Meteorological history
- Formed: August 27, 1983
- Dissipated: September 10, 1983

Violent typhoon
- 10-minute sustained (JMA)
- Highest winds: 205 km/h (125 mph)
- Lowest pressure: 925 hPa (mbar); 27.32 inHg

Category 4-equivalent typhoon
- 1-minute sustained (SSHWS/JTWC)
- Highest winds: 230 km/h (145 mph)
- Lowest pressure: 925 hPa (mbar); 27.32 inHg

Overall effects
- Fatalities: 23
- Missing: 41
- Damage: $79.7 million (1983 USD)
- Areas affected: British Hong Kong; Portuguese Macau; Philippines; People's Republic of China;
- IBTrACS
- Part of the 1983 Pacific typhoon season

= Typhoon Ellen (1983) =

Pacific typhoon in 1983

Typhoon Ellen, known in the Philippines as Typhoon Herming, was considered the worst typhoon to hit China since 1979. Typhoon Ellen was first noted as a tropical disturbance east of the International Date Line on August 26, 1983, and became a tropical storm soon after crossing the dateline on the morning of August 29. Initially, strong wind shear inhibited development over the next five days, and the cyclone began to track south of west.

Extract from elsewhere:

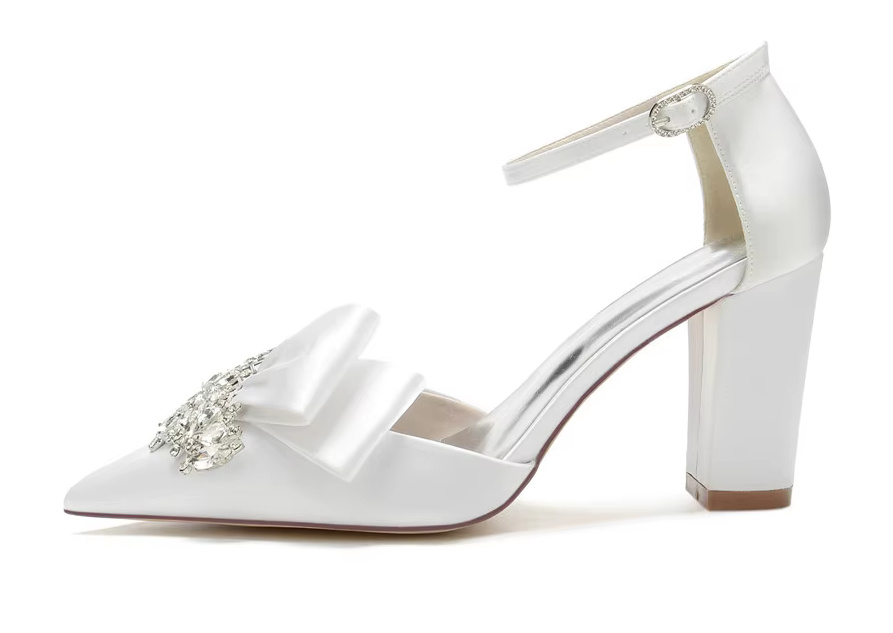 Block heel satin bridal shoes Danielle in white with rhinestones

On September 2, conditions aloft finally improved and the cyclone strengthened into a typhoon on September 4 as it tracked west-northwest. Approaching Luzon late on September 5, Ellen intensified rapidly into a strong typhoon with winds of 125 mph before interaction with Luzon began to weaken the cyclone. Its final landfall was at Portuguese Macau on the morning of September 9 as a minimal typhoon. The next day, Ellen ceased to exist.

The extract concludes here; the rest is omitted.